Due Diligence
http://www.archnews.co.uk/featured-blogs/paul-barford/5263-two-minute-due-diligence.html
Consistent with his past misinterpretations, Barford ignored practical realities in favor of reiterating his peculiar interpretation of obligations collectors must satisfy before they can be considered "responsible" or "ethical" according to the views of Mr. Barford and his fellow thinkers.
Such views would have more importance had not almost everyone of importance in British archaeology abandoned such perspectives in favor of the sensible approach embodied in the Treasure Act and Portable Antiquities Scheme. To Barford and his fellow thinkers compromises are anathema because they allow judgments to be based upon common sense, and what has been considered in describing politics as "the art of the possible."
Mr.

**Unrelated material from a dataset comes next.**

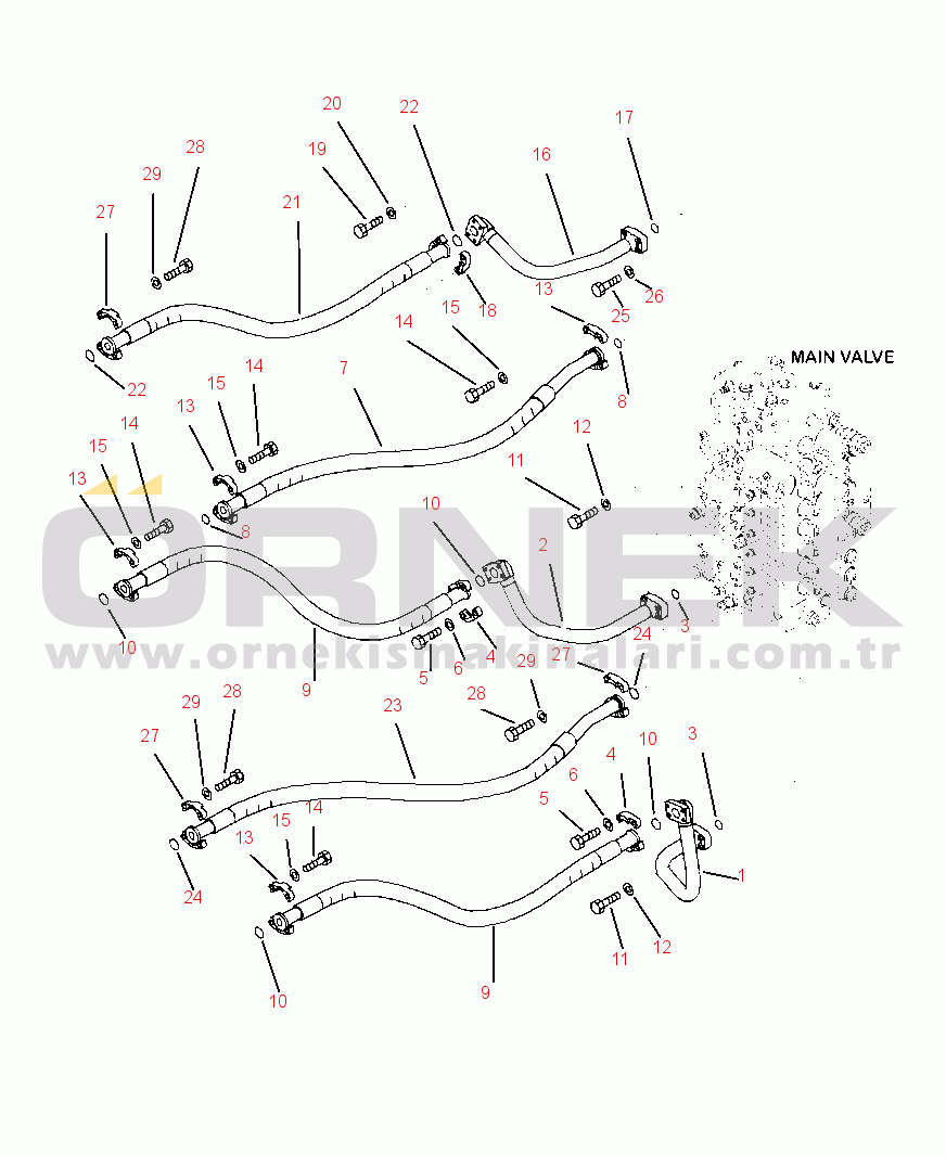 H1220-01A0 HYDRAULIC PIPING ARM AND BUCKET LINE (DRIFT PREVENTIVE VALVE) |

Barford does not ever want to see the concept of "ethical collecting" actually become politically or practically possible. It has always been his true goal to raise objections that cannot possibly be reconciled with practices normally followed in collecting and dealing in minor antiquities, including ancient coins. What is wrong, obstructive and unjustifiable in all this is not the concept of socially responsible antiquities collecting itself, but the unreasonable conditions its critics seek to impose.
The public should realize that Mr. Barford and his like are doctrinaire conservatives, whose views cannot be altered by such insubstantial considerations as fact or practicality. Dogma is being exalted in the same manner which prevailed when Galileo urged his critics to simply look through his telescope and see the truth with their own eyes.